Am meeting with aforementioned manager this morning to agree a release date, since my preferred departure date has passed.

Eeeeep!

In other news, we purchased the bones of the home office in IKEA last night, including a Skruvsta chair which I plan to reupholster.

Just as soon as I finish the dog's bed.

Still no pen holder, though...


UPDATE: Am finishing up on Friday 23rd October! Now that the whole thing's being finalised, am sick as a mid-sized hospital with worry about whether it's Definitely The Right Thing To Do.

Tuesday, October 13, 2009

Career break non-update


No update on the start date for my career break yet, which is a bit unfortunate since I put down last Friday, October 09th, as my preferred date to finish up in work.

At least the home office in the spare room is coming along well.


Ahaaa ha ha ha haaaa.

It's not, of course; in fact it's still a complete tip with nary a hint to its intended future purpose. There is, however, a plan (and, I need hardly mention, a list) for its transformation. A former bedside locker will be getting a revamp to serve as a little filing cabinet. Originally a delightful melamine brown wood-effect yoke, I primed it over the weekend and it is now ready to be covered with hot pink paper with a modderin damask print and then kitted out with new hardware in the shape of crystal knobs from Avoca and some snazzy label holders.

Ooooh.

I may also line the drawers à la Viv:


... but since they are likely to fill up with various accumulated crap fairly bleedin' rapid, making the bottoms of the drawers pretty might be a futile exercise.
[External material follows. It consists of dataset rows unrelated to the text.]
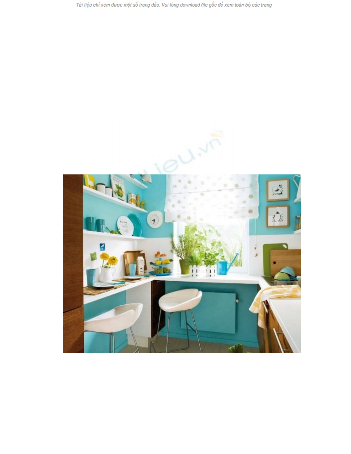 nhỏ hẹp của căn bếp này. Màu xanh của vài chậu cây nhỏ
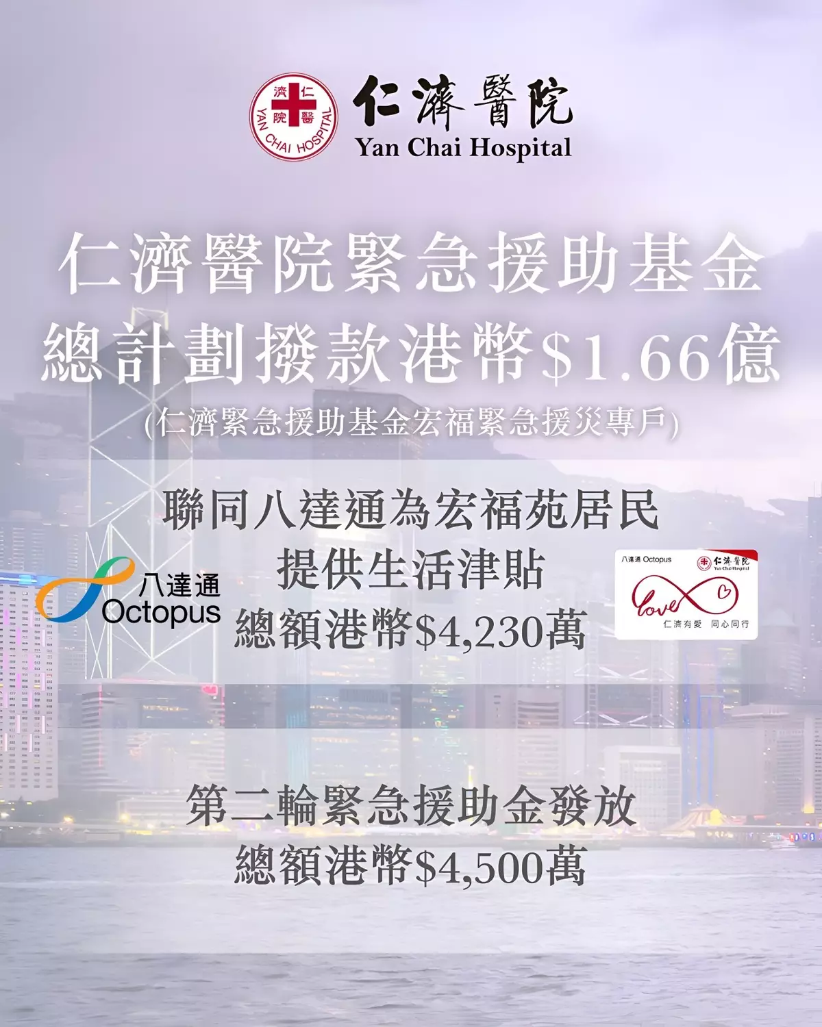 仁濟醫院宣布,撥出1億6600萬元援助大埔宏福苑居民,啟動一系列短期紓困與長遠重建計劃。仁濟醫院與八達通卡公司推出專屬八達通卡,向宏福苑居民每月發放生活津貼。
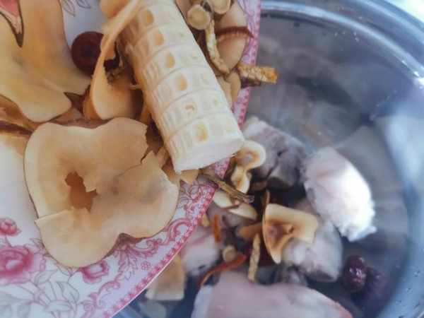 所用資料:猪蹄1只,海底椰適量,紅棗,枸杞,當歸,黃芪,薑片,陳皮,鯊魚骨,料酒。
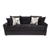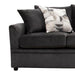 Featured-2 Cozy-Easy Care Fabric: 100% Polyester dark gray upholstery is carefully tailored and complemented with coordinating accent pillows.
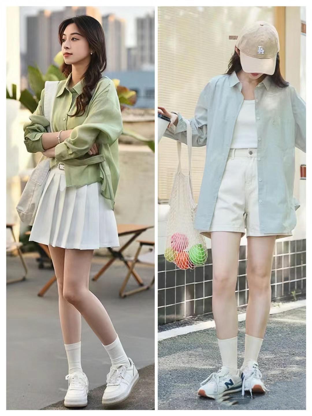 如果擔心淺綠色太亮會顯的膚色暗沉,就選擇更加柔和的豆綠色。豆綠色的襯衫、或者開衫、T恤,既溫柔又顯白,還會讓我們的穿搭更加時髦醒目,搭配白色百褶裙、板鞋也很減齡。
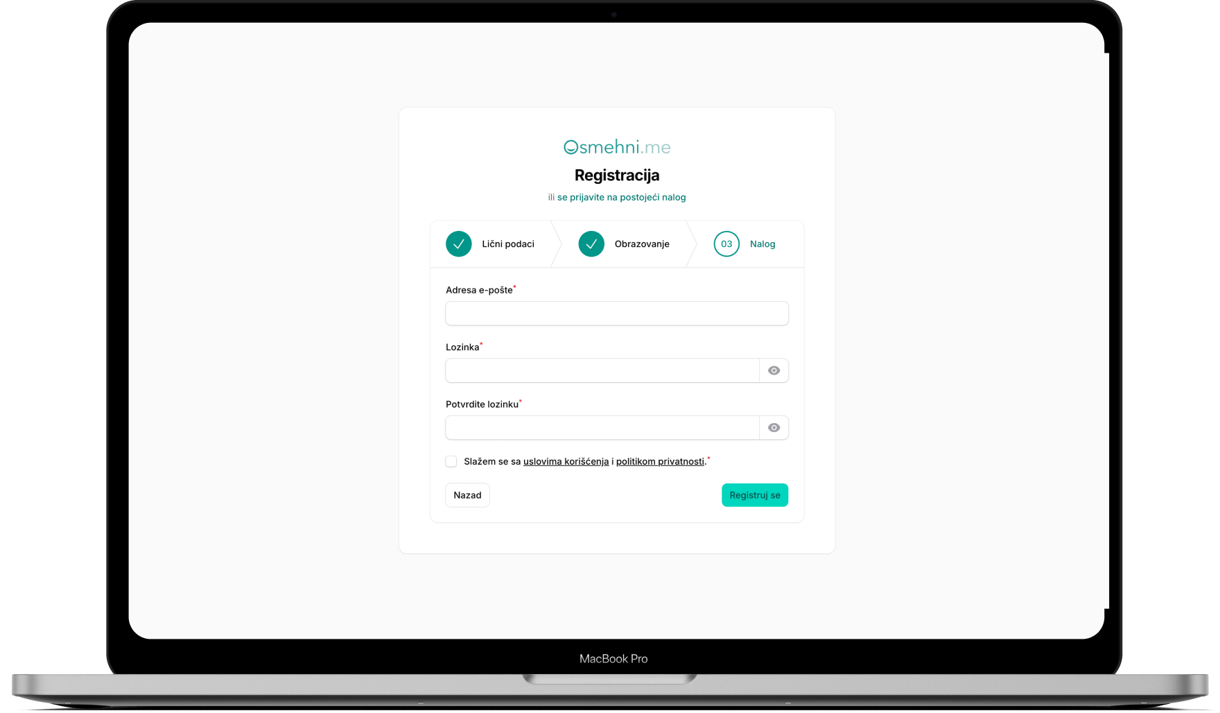 Pristup sistemu je dodatno zaštićen dvostrukom email validacijom, kako bi se sprečio neovlašćen pristup.
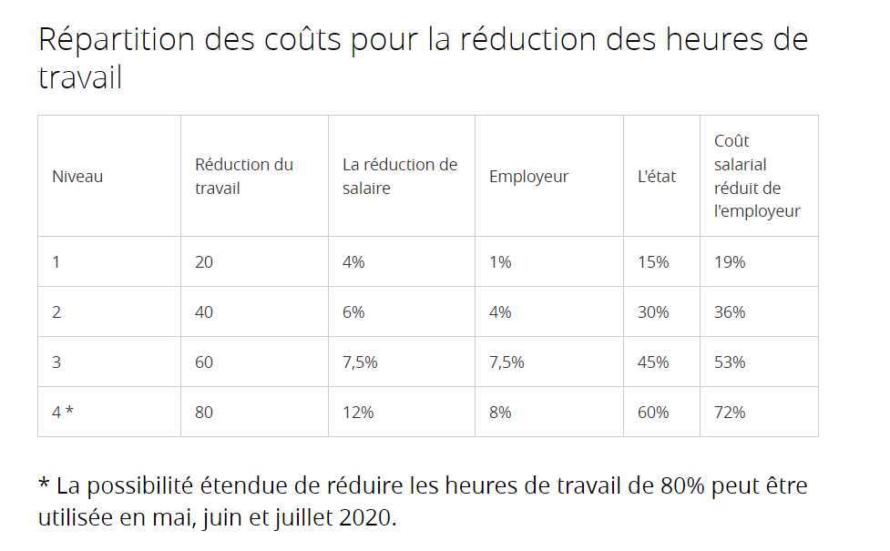 Pour mettre en place ce chômage partiel, l’employeur doit conclure un accord avec les employés s’il n’est pas lié par une convention collective, ou s’il est lié par une convention collective, avec les syndicats. Le tableau ci-dessous montre la répartition des coûts entre employés, employeurs et Etat pour la réduction des heures de travail.
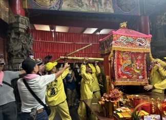 三神贊境活動引萬人空巷爭睹白沙屯媽祖粉紅鑾駕,傍晚6點三神贊境鑾駕依序...
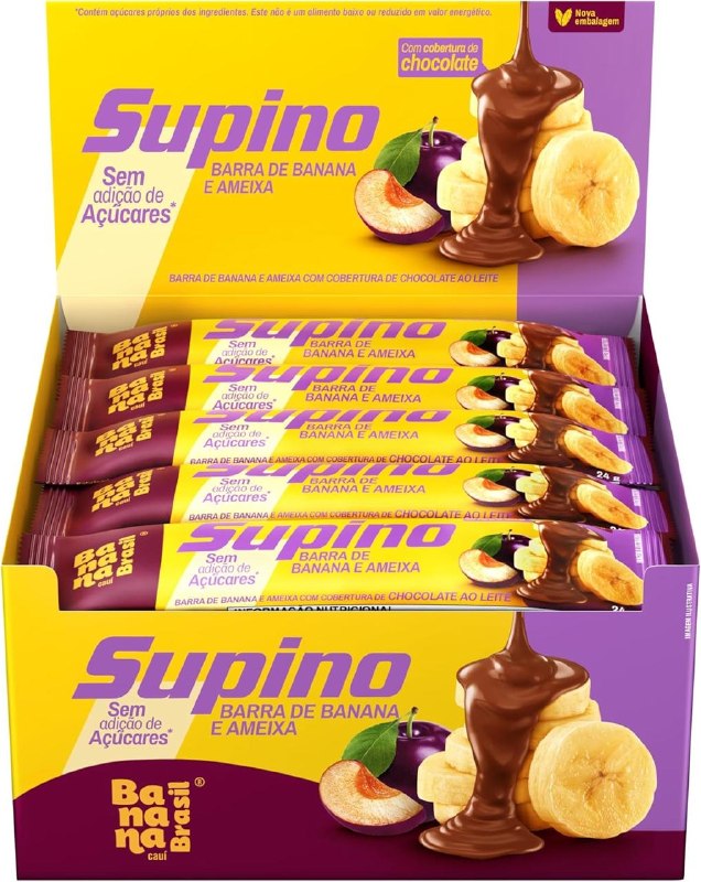 Banana Brasil - Barra De Frutas Supino Zero Banana e Ameixa Com Cobertura Chocolate Ao Leite
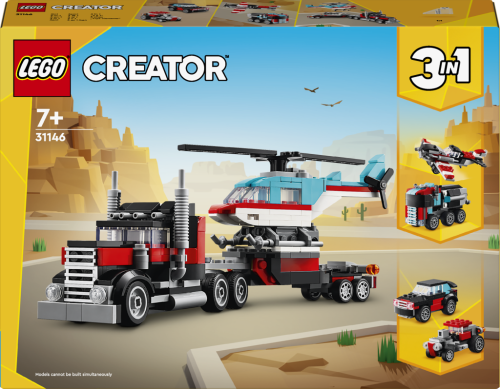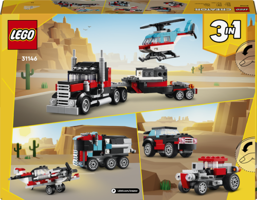 Děti od 7 let se se stavebnicí LEGO® Creator 3 v 1 (31146) Náklaďák s plochou korbou a helikoptéra pustí do akčního hraní. Sada se skládá z 270 dílků, ze kterých si malí stavitelé postaví parádní náklaďák s otáčecími koly a korbou, na které přistane helikoptéra LEGO s pohyblivou vrtulí.
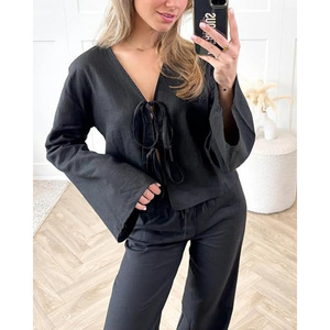 国境を越えたヨーロッパとアメリカの衣類INSインターネットセレブ売れ筋ディープVフレアスリーブストラップトップス-速達在庫あり、安全に販売可能
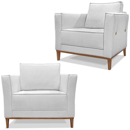 Kit 2 Poltronas Decorativas Balli Pes Madeira Linho Grigio Ezz Grigio
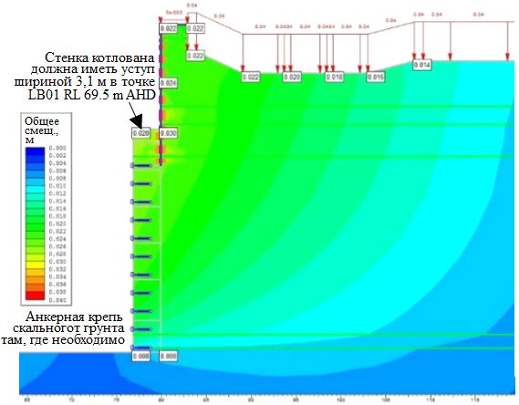 Рис. 10. Модель котлована в программе RS3 с прогнозируемыми воздействиями на железнодорожную линию в случае оставления выступа скальных грунтов у подпорной стенки, идущей вдоль железной дороги (этот выступ должен быть вынут последним), а также при добавлении угловой системы распорок и дополнительных анкерных креплений
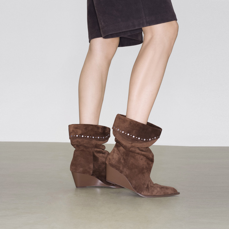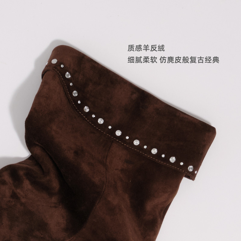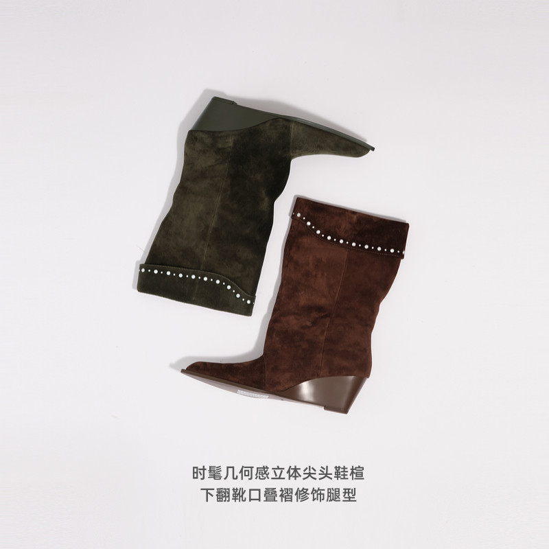 尖头坡跟堆堆靴 波西米亚烫钻复古羊反绒
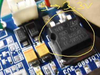 ปัญหาของผมก็คือ บอร์ดรุ่นนี้ใช้ไฟ 5 VDC เพื่อแปลงเป็น 3.3VDC (รูปที่ 7) และขั้วต่อคนละแบบกับที่ผมมี |
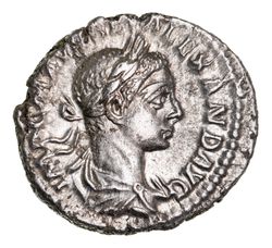 SEVERUS ALEXANDER, (A.D.222-235), silver denarius, issued 222, Rome mint, (2.75 g), obv. laureate bust to ...
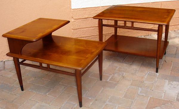 Classic mid century modern 1960s pair of end tables by Lane, from the Acclaim Dovetail series. Lane started the “Acclaim” line in 1959 and it was the best selling line of furniture in 1963. Made of walnut and contrasting maple. These lovely tables feature 2 tiers, tapered legs and fabulous wood grains. The large dovetails measure 2 1/2″ wide. Stamped on the bottom. Very good vintage condition.
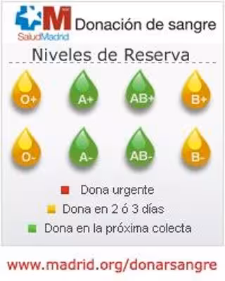La Comunidad de Madrid necesita en los próximos dos o tres días sangre de los grupos O-, O+, B- y B+ por lo que insta a los madrileños que cuenten con estas tipologías a que se acerquen a los centros de donación de la región, según ha informado el Ejecutivo autonómico.
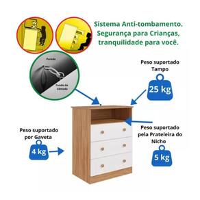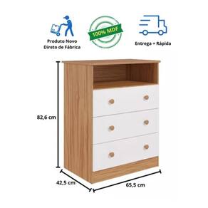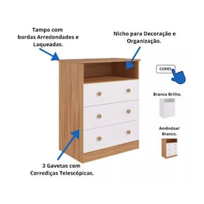 A Cômoda Infantil Smim da Peroba cor Branco com Amendoa referência 5238.87, com puxadores em ABS, corrediças telescópicas, bordas laqueadas e sistema antitombamento.Com um design moderno e prático, a cômoda é a escolha ideal para quem busca qualidade e durabilidade. Comum acabamento em branco com Amendoa que se adapta perfeitamente a qualquer decoração. Seu design clean não só embeleza o espaço, mas também proporciona uma sensação de amplitude. Com três gavetas espaçosas, você pode facilmente organizar roupas, brinquedos e acessórios, mantendo tudo ao alcance das mãos.Fabricada em 100% MDF, a Cômoda Smim oferece segurança e resistência, tornando-se uma escolha confiável para o quarto das crianças. O material é fácil de limpar e não possui arestas cortantes, garantindo um ambiente seguro para os pequenos exploradores.
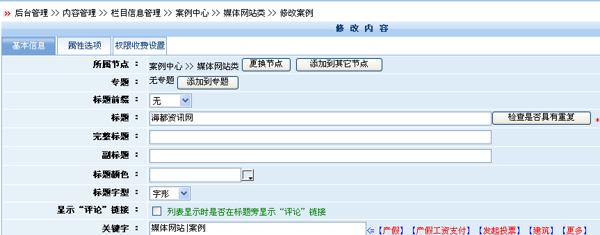 點(diǎn)擊上圖紅色框中“進(jìn)入后臺(tái)編輯”的按鈕后,我們即可直接進(jìn)入后臺(tái)修改界面:
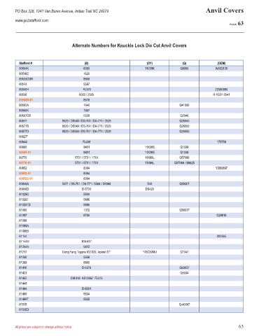 Alternate Numbers for Knuckle Lock Die Cut Anvil Covers
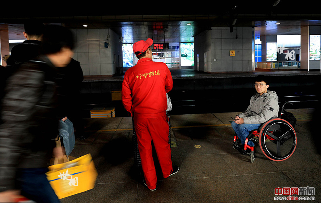 赵浩洋说,轮椅只是改变了他出行的方式,并没有束缚他的梦想。自己只有大方走出去,融入社会,才能体现“障健同行”的理念,才能更好推进社会无障碍设施的建设。图为赵浩洋在济南火车站候车。

Himself is to procure four IKEA Vika Fintorp legs for me today, which I'm intending to spray paint gloss white and cap with a gloss white desk top to channel Bespoke Press' gorgeous desk:


... and this home office by David Netto Design, which features a $499 Brocade Home console:


I still have to find a suitably cool yet comfy chair, but in fairness I have had more pressing office-y matters to consider.

Like, what will I use as a pen holder?